Do you integrate your physio work into the coaching side?
As mentioned earlier I encourage all the guys to come into our clinic and receive regular preventative treatment. However, if I suspect they may have something more than just regular training soreness I’d prefer they see one of my colleagues so they can receive an objective opinion about their injury and how to progress back to full training.
Does your group get recovery days completely off?
Yes. Every athlete has one complete day off each week. Potentially in the future some of them may build up to training 7 days a week but at the moment I’d prefer to err on the side of caution with them. While they are continuing to improve on 6 days/week training I’d like them to continue with it.
I also schedule recovery weeks into their training programs each month to allow them to absorb the previous month of hard training and also to try and recover from any niggles that may have accumulated over the previous training block. Also, I think it’s important to come to the track and have some sessions that you can be mentally relaxed for and finish feeling strong and controlled.
Let’s take one of your chargers; 1:47 man Mason Cohen. What sort of mileage is he doing during this base period? How far away is he from top speed over say 60m at any stage during this winter base phase?
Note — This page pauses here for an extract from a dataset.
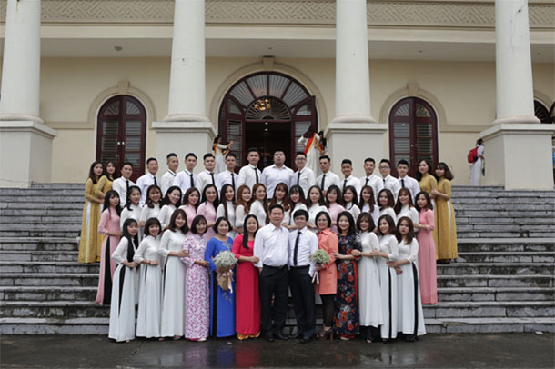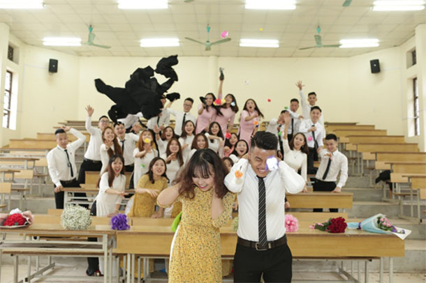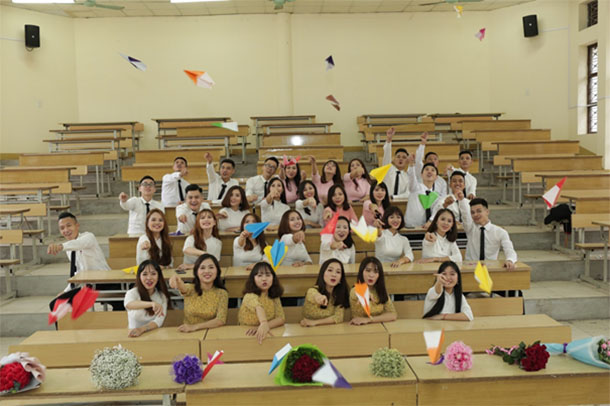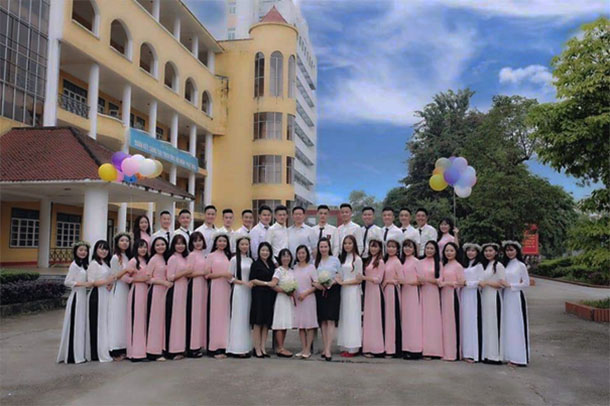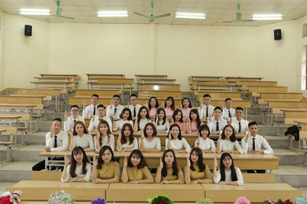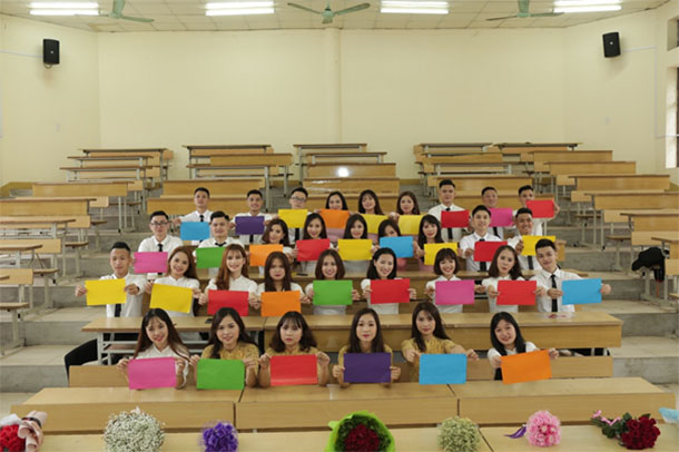 Cô giáo và sinh viên K50 Khoa GDCT trong buổi chụp kỷ yếu.

Mason will run around 60-70km each week until we get into the middle of the racing season where this will likely drop down. In regards to his top speed, he is never too far away from this at any stage of the year. We include regular speed work year round so I’d expect him to be able to run fast over 200m at any point in the year.
Thoughts on what it takes to be a 1:44 runner. What sort of pure 200m/400m speed does a runner need as a minimum? Thoughts on 800m runners who clock gigantic mileage?
Until I coach someone to run 1.44 I guess I won’t really know but I believe the modern day 800m runner needs to be very fast over 200m and 400m. I’m sure people will have differing beliefs but I’d be expecting them to run a minimum of 22 seconds and 47 seconds for the 200 and 400 respectively. Of course, there will be exceptions but I think if you look at the majority of athletes who have run 1.44 or quicker over 800m many of them have either recorded fast 400m times or have the potential to run very quick over 400m based on how fast they come through the 400m in an 800m race.
In regards to gigantic mileage for 800m runners it’s probably not the way I go about coaching the event. Yes it may work for some but are those runners actually 1500m or above athletes who happen to run a good 800m as well? As I said I think the modern day 800m runner needs to be very fast over 200m and 400m and I can’t see how you can truly develop this area while running very high mileage. However, I’m new to the coaching scene and always happy to learn from people with more experience so I’m not saying I would never do it but I don’t think it’s the most efficient way of preparing an 800m runner.
Your favourite 800m runner of all time?
Wilson Kipketer without a doubt. He was so smooth over the 2 lap event and took the long standing WR away from Seb Coe. He tied the world record and then finally broke it in Zurich before going on to break it again later in the season in Germany. When he first broke the record I remember him going through the first 400 in 48 seconds………..Crazy! His dominance over the event was incredible. He was never quite the same after he contracted Malaria and I was so disappointed he didn’t win Gold in Sydney after missing out on the opportunity to run in Atlanta.